The first shall be last. No creation ex nihilo.

Jot down the first thing that comes to your mind.

The ‘first-thing-that-comes-to-mind’ game is one sometimes used in psychoanalysis to find out how symptomatic connections might occur in the mind that reveal something of how that same mind is structured. Since minds are wily and use both conscious and unconscious filters to hide thoughts felt not to be public, the game uses strategies that attempt to curtail any of the secondary editing or censorship minds use to disguise thoughts of which they feel ashamed, or which they feel they OUGHT to feel ashamed about, emerging.

Of course, this kind of game in psychoanalysis requires a prompt that is not asking for the intellection of a ‘suitable’ answer. The problem is, of course, how you define ‘first’ in a bald prompt like that given today, and this is why this particular question could not be used itself in psychoanalytic associations. Ask it and the respondent has to decide to start a search of their mind, to determine what is there and when it was there; an activity that, in preceding any things appearing in the mind, is of course prior to those things. It hence comes first, and the question becomes meaningless and not purposive. People will only jot down what they feel to be auitable to their audience and which pose no danger or risk to the jotter.

Let’s say that in another way. We are stymied with a question with no way of answering it that hasn’t been over-processed from the start. Instead of jotting down the first thing we think, feel, or sense, we are launched into a process of conscious or semi-conscious selection. We choose on the basis of how we want ourselves to appear in the answer.

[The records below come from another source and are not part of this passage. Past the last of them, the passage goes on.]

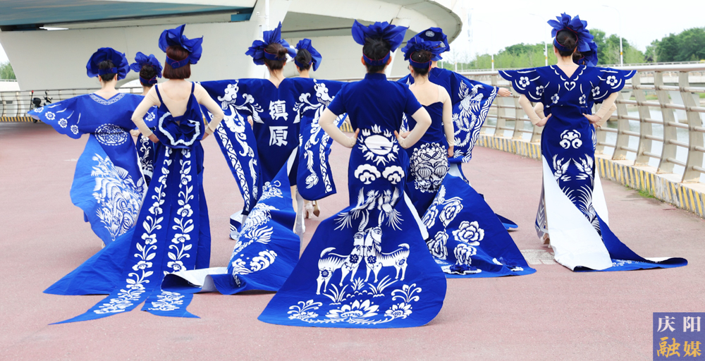 6月4日,慶陽融媒主播身著由鎮(zhèn)原縣文化館館長常燕創(chuàng)意設(shè)計(jì)的“剪云裳”慶陽剪紙系列服裝驚艷亮相。其中,“青花瓷”系列作品為全國全網(wǎng)首秀。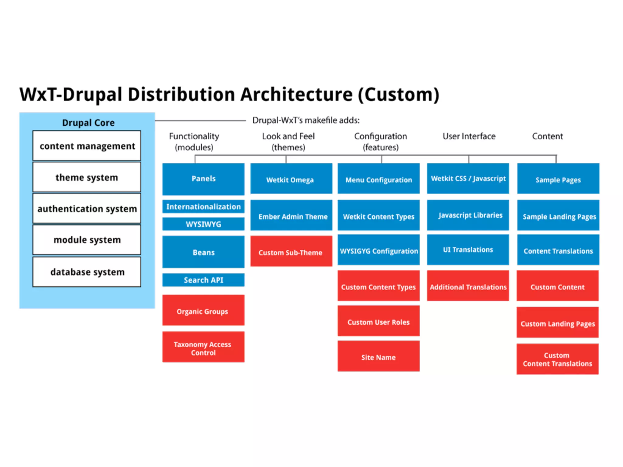 This document introduces the Drupal Web Experience Toolkit (WxT) distribution. It provides concise overviews of the key features and functionality included in the distribution, such as content management, multilingual and responsive design support, and pre-configured modules, themes and content types. Instructions are also given for customizing the distribution to build out a new website that maintains the core accessibility and design standards of the Web Experience Toolkit.
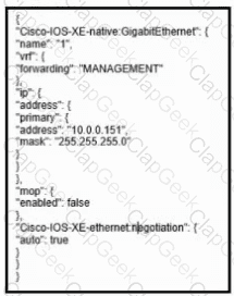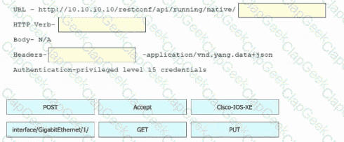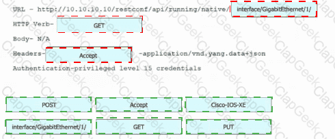 Refer to the exhibit. Drag and drop the snippets into the RESTCONF request to form the request that returns this response. Not all options are used.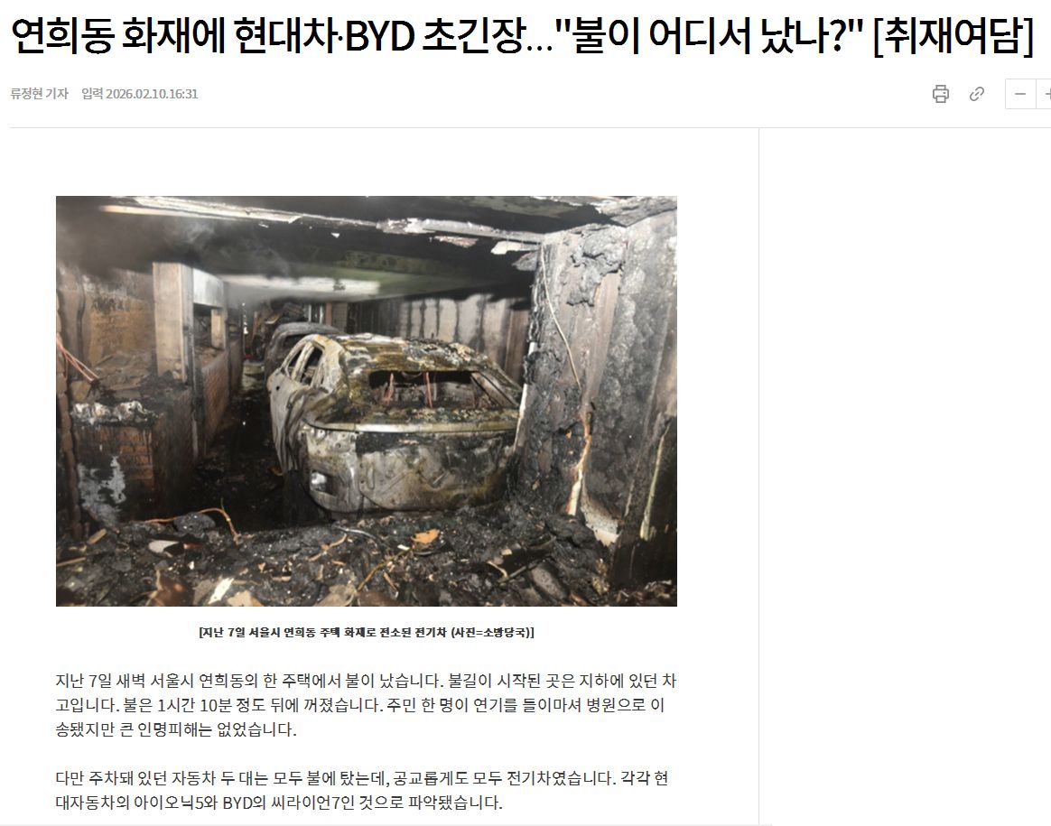 연희동 화재에 현대차BYD 초긴장... "불이 어디서 났나?" ㄷㄷㄷㄷㄷㄷㄷㄷㄷㄷㄷㄷ

Hence in psychoanalysis, word association is about the first thing to associate with a previously unrevealed word: “When I say the next word, I want you to say the first word that comes to mind, answering immediately”. Even then, the psychoanalyst will assume that the first word will be consciously processed and hence edited, and try to evade any really revealing associations the respondent mind actually made, especially if nearer to unconscious association, but was too ashamed or frightened to use. You have to wear down the chances of editing to increase the chance of authentic associations being made.

Hence, criticsl psychoanalysis uses a string of associations. The first word must trigger another, that second one yet another, in quick succession. The aim is to outwit the process of secondary editing so that we reach the actual deep network of unconscious associations that might lie at the root of a respondent’s deepest, and most openly unacknowledged (even to themselves) anxieties about their relationship to self and others.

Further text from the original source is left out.